Germany depends on coal, which produces high levels of CO2 and other greenhouse gases, for 38 percent of its power needs.

Below are details of utilities and their coal plants:

RWE

RWE produces most of its electricity from brown coal, also called lignite. In Germany, it has lignite-powered plants with 10.3 gigawatts (GW) capacity and 3 GW of hard coal plants.
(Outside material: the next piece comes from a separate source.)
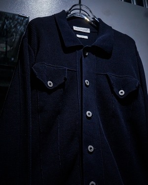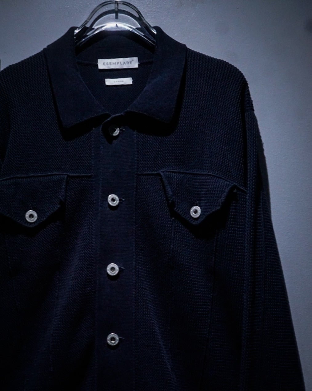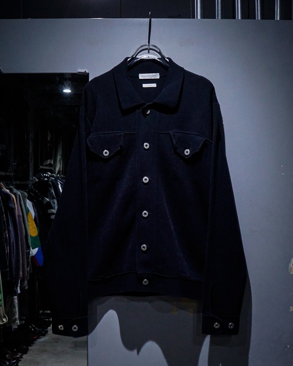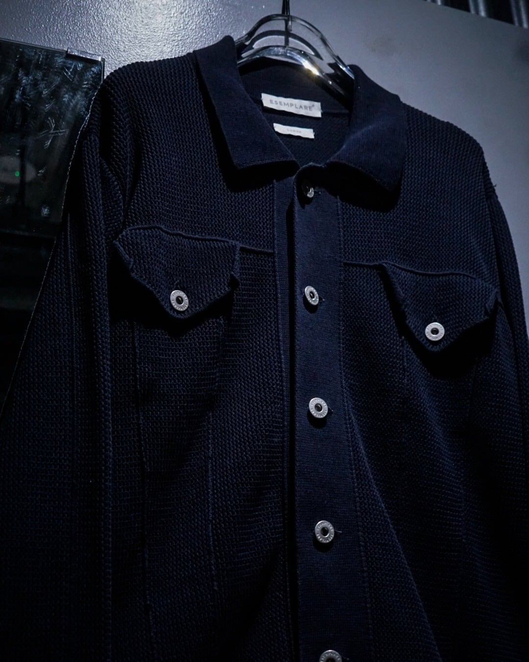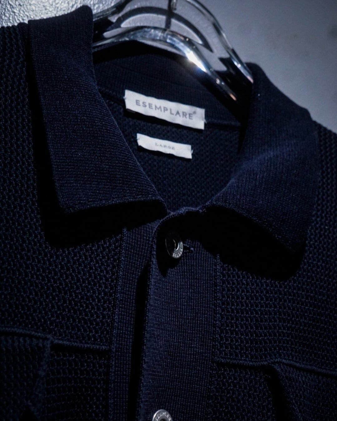 ベースはトラッカージャケットを踏襲しつつ、ファブリックには立体感のある編み地のニットを採用。ネイビーで統一されたミニマルな佇まいの中に、編みの陰影による奥行きが生まれ、シンプルでありながらも確かな存在感を放つ仕上がりに。

Lignite is mined and burned for power at locations such as Hambach, Garzweiler and Inden.

UNIPER

Uniper operates 3.8 GW of coal-fired capacity out of a total 10.6 GW of its capacity in Germany. Its 1.5 billion euro ($1.7 billion) Datteln 4 coal power plant has yet to start up 10 years after construction began due to protests from environmentalists.

STEAG

Essen-based Steag has seven coal-fired power plants with 5 GW capacity in western Germany. It retired 2.5 GW in 2017.

EnBW

After an early focus on moving to renewable energy, southwestern utility EnBW has 4.2 GW of coal generation capacity left, out of a total portfolio of 13 GW.

VATTENFALL [VATN.UL]

The German arm of Sweden's Vattenfall sold its eastern German mining and power station operations to a Czech consortium led by EPH and finance investor PPF. It still runs a 3 billion euro coal power station in Hamburg Moorburg that started up in 2015 after years of delay.

LAUSITZ ENERGIE (LEAG)

LEAG operates the former Vattenfall brown coal-fired plants with 8 GW of capacity in the Lusatia region, employing 8,000 people in mining and power plants.

E.ON

E.ON has almost no coal-burning capacity, having turned its focus to customer services and renewable energy.